My how time flies when you're not having fun. Thursday is almost here, which also means it's almost time to meet with Balloonman (ie the Interventional Radiologist who'll be doing my angioplasty to reverse the CCSVI). I'm sure I'm excited. Really I am. Don't look at me like that. I'm telling you the truth. I am. I'm super excited about meeting the man who'll be sticking a wire in my leg and threading it up to the main drain for my brain, to blow up balloons.
It's not like I'm scared or anything. You know me. I laugh in the face of danger, HA HA. Not scared. Not me. No. It's a walk in the park. He does it every day. I know people who've had it done. It's classed as a day procedure. It's not like he could rupture Jeff or anything. It's not like I'm having nightmares of an exploding Jeff. No. Not me.

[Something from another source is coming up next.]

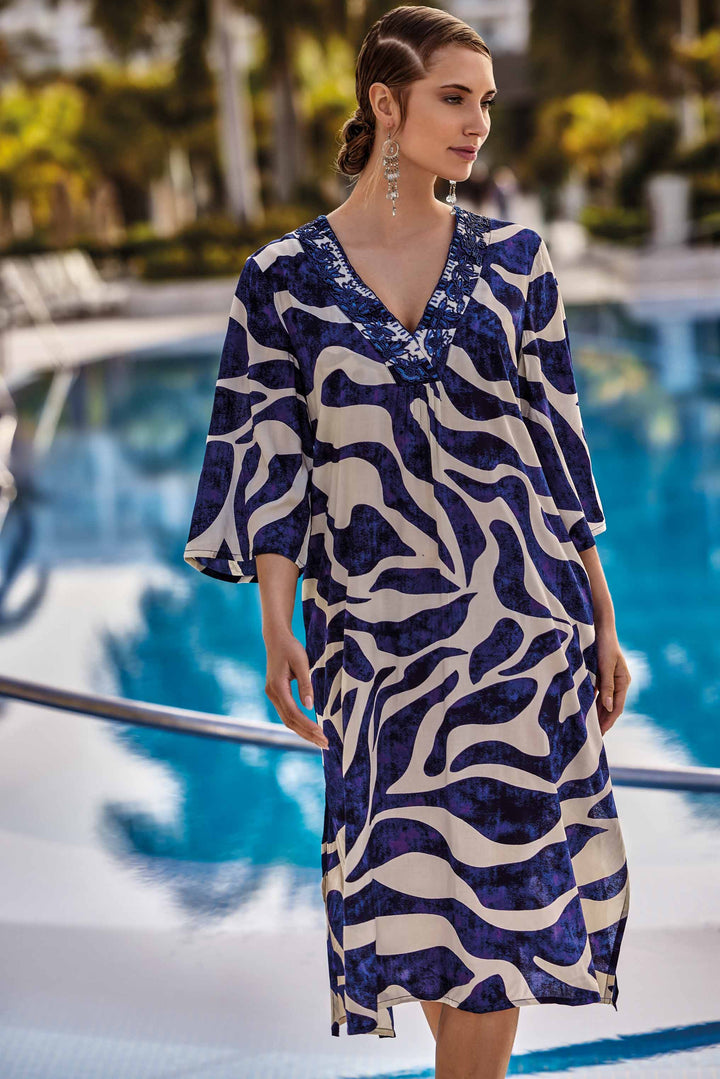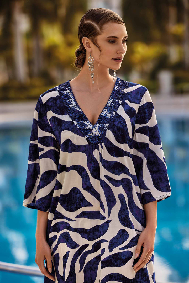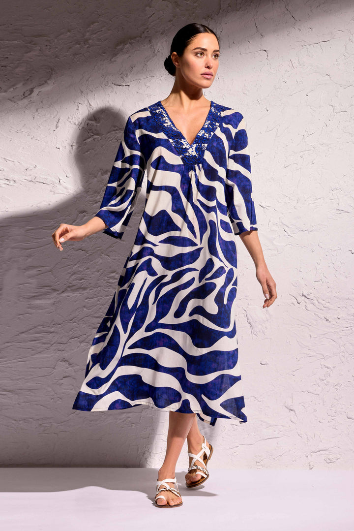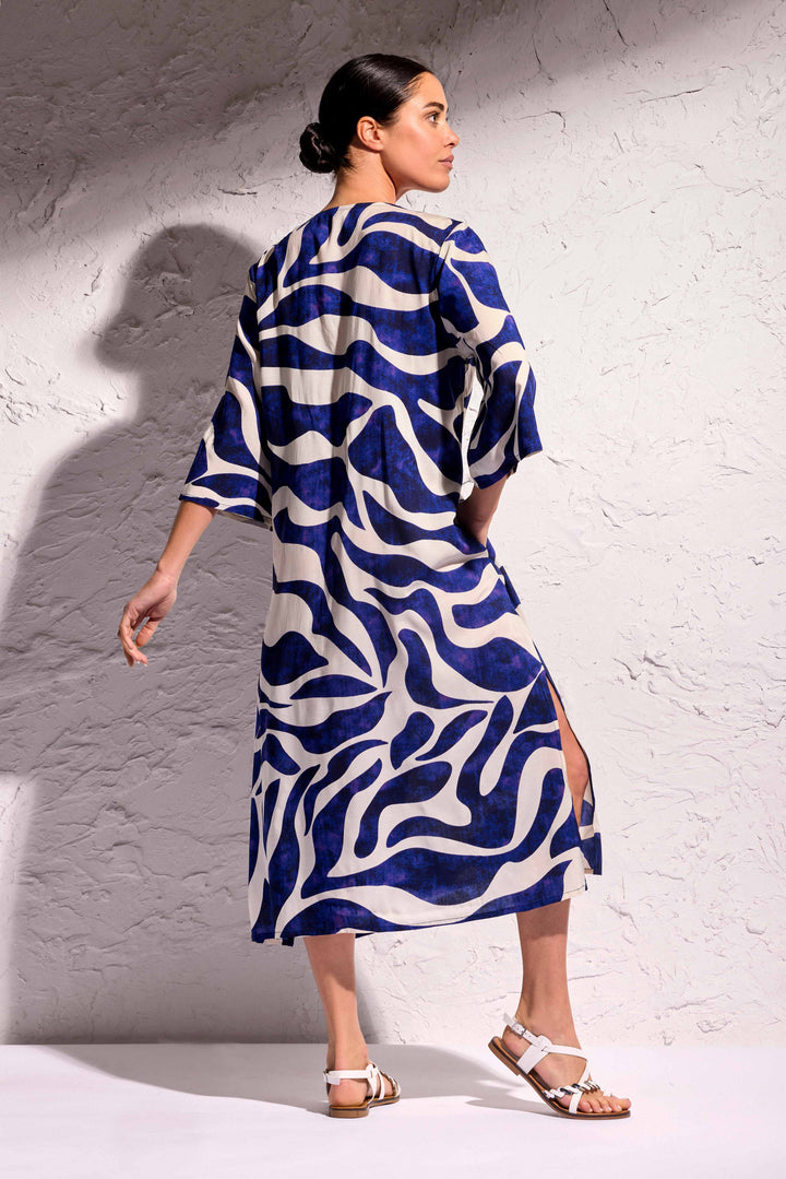 The Exilia kaftan, made of viscose, is a versatile and stylish piece for summer days. The colorful and trendy print makes it perfect for keeping up with fashion. The wide and comfortable design makes it ideal to wear on vacation. With a V-neck and 3/4 sleeves, it is perfect for a fresh and fashionable look.

It's not like I'm going all doom and gloom and thinking all the worst case scenarios (must put away Caplan's Stroke, 3rd Ed, damn neuropsychology training). It's not like I've been thinking of the myriad ways that Bob could be an arse and be difficult during the procedure.
As I said, that's just not me.
I have even found a picture of the balloon I think I should request. What do you think? I figure a unicorn has all the magic built it. Nothing shaped like a glittery, rainbow farting, unicorn could do me wrong.
I've been told only good things about Balloonman, so I'm hoping that he'll be nice and I'll leave his office on Thursday fully convinced it's a walk in the park. Or that I'll develop a serious case of fugue till it's all over and Jeff is banished. Either way, I've told Mr Grumpy that if I forget, he is to demand drugs on my behalf. I fully intend to sleep through the whole thing as I have absolutely no desire to know what they do.
The completely calm and not panicking Michelle :)
As a musical accompaniment how could I go past Nena's fabulous, 99 Luftballons (1984). I know it's about 99 red balloons, but as my German is limited to the names of various pressed meats and Oktoberfest, I have no idea about the rest. Still didn't stop me from rocking to it, and shouting out "99 Luftballons" at the top of my lungs, at the Bluelight Discos of my youth.